Problem ->
Could you output each line below precisely as it stands, without the images?
---------- Available data
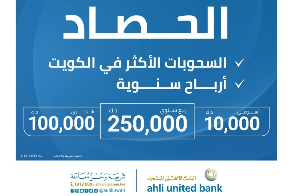 ضمن برنامج الحصاد الإسلامي، حساب السحب الأول على الجوائز الذي يقدمه البنك الأهلي المتحد، يجري البنك السحب ربع السنوي الذي يترقبه عملاء «الحصاد» لإعلان الرابح سعيد الحظ، الذي سيفوز بالجائزة الكبرى، البالغة قيمتها 250.000 دينار، في الرابع من يناير الجاري، تحت إشراف وحضور ممثلي وزارة التجارة. وبهذه المناسبة، أفادت هنادي خزعل، رئيس إدارة قنوات التوزيع المصرفية للأفراد بـ «المتحد»: «ينفرد حساب الحصاد بمجموعة من المميزات الحصرية، حيث يُعد أبسط وأسهل برنامج ادخار، فضلاً عن ميزة فتح الحساب عبر الإنترنت بكل سهولة ويُسر مع ميزة الإيداع الفوري في الحساب». وأضافت خزعل: «هناك العديد من فرص الفوز الكبرى ما زالت بانتظار عملائنا الحاليين، وكل من يرغب بفتح حساب الحصاد لدى (المتحد) ». وتابعت: «يساهم برنامج جوائز الحصاد في تعزيز نشر ثقافة التوفير، والتشجيع على الادخار بين أفراد المجتمع، كما يساهم في تغيير حياة عملائه إلى الأفضل، من خلال الفوز بالجوائز القيّمة التي تساهم في إدخال السعادة في نفوسهم، ومن هذا المنطلق يحرص البنك على المراجعة الدورية لهيكل السحوبات، وتعديلها بما يتوافق مع متطلبات وطموحات عملاء البنك». يقدم حساب الحصاد في باقته الجديدة مجموعة أوسع من المزايا، حيث يحظى الرابحون من عملاء «المتحد» بجائزة شهرية بقيمة 100.000 دينار، إضافة إلى 10 جوائز أسبوعية بقيمة 1000 دينار لكل جائزة. وتبقى الجوائز ربع السنوية الكبرى بقيمة 250.000 دينار نقداً للرابح هي أهم ما يطمح إليه العملاء، حيث تمثل لهم فرصة حقيقية لتحقيق حلم العُمر. وفضلاً عن هذه الباقة من الجوائز الجذابة، هناك أيضاً أرباح سنوية متوقعة على أساس عقد الوكالة، وهو ما يزيد من جاذبية حساب الحصاد. يُشار إلى أن الحد الأدنى للمشاركة والاستفادة من السحوبات كافة هي 100 دينار، تؤهل العميل للحصول على فرصتين لدخول السحب، والتي تزيد حتى 30.000 فرصة في السحب، إضافة إلى الحصول على أرباح سنوية مثمرة. وتتيح كل 50 ديناراً في حساب العميل فرصة واحدة للمشاركة في السحب، بشرط أن يحافظ على رصيده مدة خمسة عشر يوماً على الأقل قبل تاريخ السحب، وكلما زادت مدة الاحتفاظ تزيد فرص دخول السحب لكل 50 ديناراً. ويتم إجراء السحوبات كل يوم أربعاء بناءً على خطة السحب.
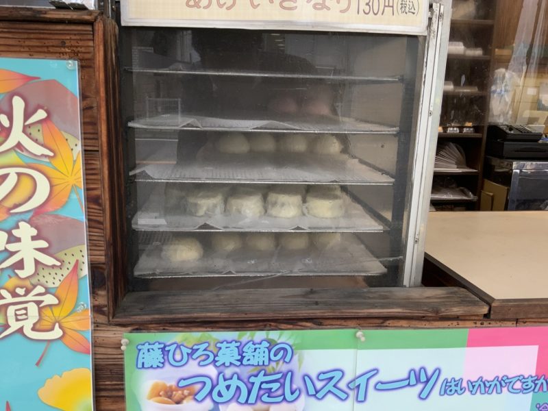 蒸し器に入っている「甘酒まんじゅう」「いもまんじゅう」「いきなりだんご」を、注文後に油で揚げてくれるんです。
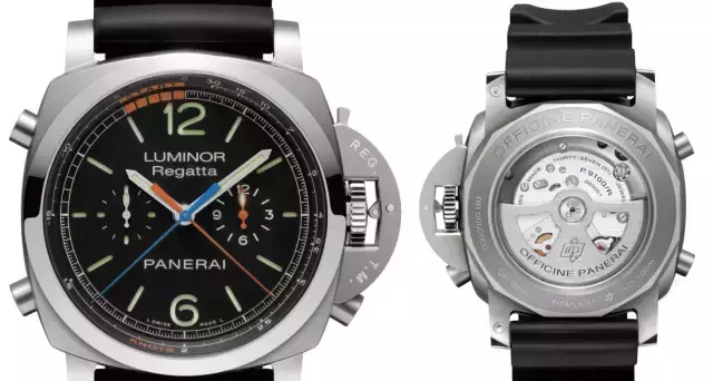 对Cal.P.9100进行相应改动,增加倒计时组件后并将其运用于专为帆船赛而设的PAM00526。表款在功能上不仅融入了帆船比赛中的5分钟倒计时,更将测速仪的单位换成了海上船只标准的航速单位KNOTS,从中再次体现了PANERAI对于实用性的追求。
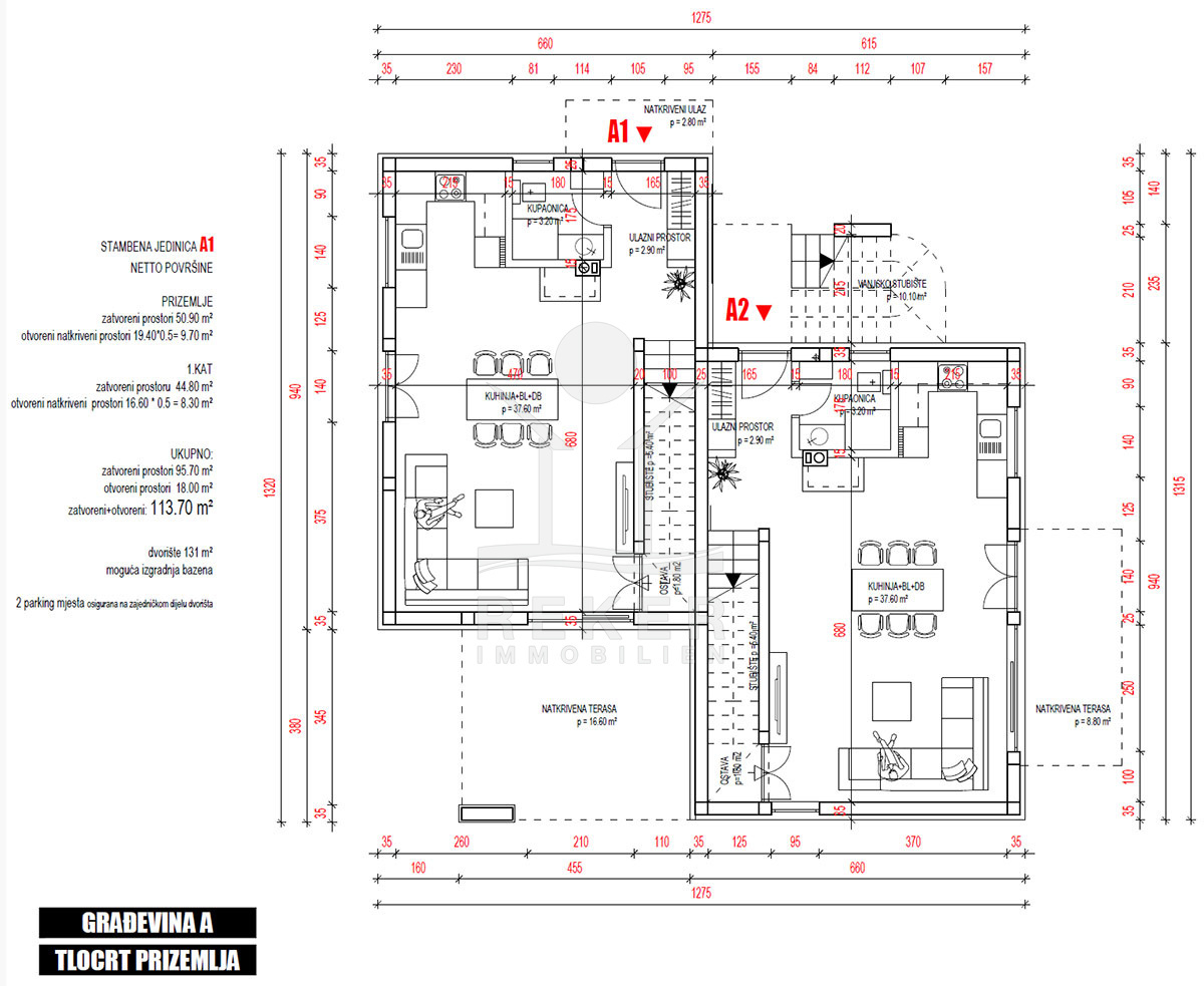Die zweistöckige Wohnung befindet sich in einem Gebäude mit 3 Wohneinheiten. Sie verfügt über einer Wohnfläche von 114 m² im Erdgeschoss und 1. Stock und bietet ein attraktives Grundstück mit der Möglichkeit, einen eigenen Pool im Innenhof zu bauen. Die Nordwestausrichtung garantiert eine angenehme Belichtung und Ausrichtung. Das Gebäude, Baujahr 2024, umfasst die Grundstücksfläche von 131 m² und wird mit modernen Elementen wie Aluminiumschreinerei, dreifachem Isolierglas und TI-Jalousien für optimalen Sonnenschutz ausgestattet. Das Haus bietet zudem Begrünung in den Innenhöfen und Rasenflächen sowie eine Vielzahl von praktischen Funktionen wie eingebaute Kamine, Fernbedienung zur Regelung von Heizung und Kühlung sowie eine elektrische Ladesteckdose für Autos. Darüber hinaus verfügt die Wohnung über zwei Parkplätze für bequeme Parkmöglichkeiten.
--------------------
Task result ->
 ضمن برنامج الحصاد الإسلامي، حساب السحب الأول على الجوائز الذي يقدمه البنك الأهلي المتحد، يجري البنك السحب ربع السنوي الذي يترقبه عملاء «الحصاد» لإعلان الرابح سعيد الحظ، الذي سيفوز بالجائزة الكبرى، البالغة قيمتها 250.000 دينار، في الرابع من يناير الجاري، تحت إشراف وحضور ممثلي وزارة التجارة. وبهذه المناسبة، أفادت هنادي خزعل، رئيس إدارة قنوات التوزيع المصرفية للأفراد بـ «المتحد»: «ينفرد حساب الحصاد بمجموعة من المميزات الحصرية، حيث يُعد أبسط وأسهل برنامج ادخار، فضلاً عن ميزة فتح الحساب عبر الإنترنت بكل سهولة ويُسر مع ميزة الإيداع الفوري في الحساب». وأضافت خزعل: «هناك العديد من فرص الفوز الكبرى ما زالت بانتظار عملائنا الحاليين، وكل من يرغب بفتح حساب الحصاد لدى (المتحد) ». وتابعت: «يساهم برنامج جوائز الحصاد في تعزيز نشر ثقافة التوفير، والتشجيع على الادخار بين أفراد المجتمع، كما يساهم في تغيير حياة عملائه إلى الأفضل، من خلال الفوز بالجوائز القيّمة التي تساهم في إدخال السعادة في نفوسهم، ومن هذا المنطلق يحرص البنك على المراجعة الدورية لهيكل السحوبات، وتعديلها بما يتوافق مع متطلبات وطموحات عملاء البنك». يقدم حساب الحصاد في باقته الجديدة مجموعة أوسع من المزايا، حيث يحظى الرابحون من عملاء «المتحد» بجائزة شهرية بقيمة 100.000 دينار، إضافة إلى 10 جوائز أسبوعية بقيمة 1000 دينار لكل جائزة. وتبقى الجوائز ربع السنوية الكبرى بقيمة 250.000 دينار نقداً للرابح هي أهم ما يطمح إليه العملاء، حيث تمثل لهم فرصة حقيقية لتحقيق حلم العُمر. وفضلاً عن هذه الباقة من الجوائز الجذابة، هناك أيضاً أرباح سنوية متوقعة على أساس عقد الوكالة، وهو ما يزيد من جاذبية حساب الحصاد. يُشار إلى أن الحد الأدنى للمشاركة والاستفادة من السحوبات كافة هي 100 دينار، تؤهل العميل للحصول على فرصتين لدخول السحب، والتي تزيد حتى 30.000 فرصة في السحب، إضافة إلى الحصول على أرباح سنوية مثمرة. وتتيح كل 50 ديناراً في حساب العميل فرصة واحدة للمشاركة في السحب، بشرط أن يحافظ على رصيده مدة خمسة عشر يوماً على الأقل قبل تاريخ السحب، وكلما زادت مدة الاحتفاظ تزيد فرص دخول السحب لكل 50 ديناراً. ويتم إجراء السحوبات كل يوم أربعاء بناءً على خطة السحب.
 蒸し器に入っている「甘酒まんじゅう」「いもまんじゅう」「いきなりだんご」を、注文後に油で揚げてくれるんです。
 对Cal.P.9100进行相应改动,增加倒计时组件后并将其运用于专为帆船赛而设的PAM00526。表款在功能上不仅融入了帆船比赛中的5分钟倒计时,更将测速仪的单位换成了海上船只标准的航速单位KNOTS,从中再次体现了PANERAI对于实用性的追求。
Die zweistöckige Wohnung befindet sich in einem Gebäude mit 3 Wohneinheiten. Sie verfügt über einer Wohnfläche von 114 m² im Erdgeschoss und 1. Stock und bietet ein attraktives Grundstück mit der Möglichkeit, einen eigenen Pool im Innenhof zu bauen. Die Nordwestausrichtung garantiert eine angenehme Belichtung und Ausrichtung. Das Gebäude, Baujahr 2024, umfasst die Grundstücksfläche von 131 m² und wird mit modernen Elementen wie Aluminiumschreinerei, dreifachem Isolierglas und TI-Jalousien für optimalen Sonnenschutz ausgestattet. Das Haus bietet zudem Begrünung in den Innenhöfen und Rasenflächen sowie eine Vielzahl von praktischen Funktionen wie eingebaute Kamine, Fernbedienung zur Regelung von Heizung und Kühlung sowie eine elektrische Ladesteckdose für Autos. Darüber hinaus verfügt die Wohnung über zwei Parkplätze für bequeme Parkmöglichkeiten.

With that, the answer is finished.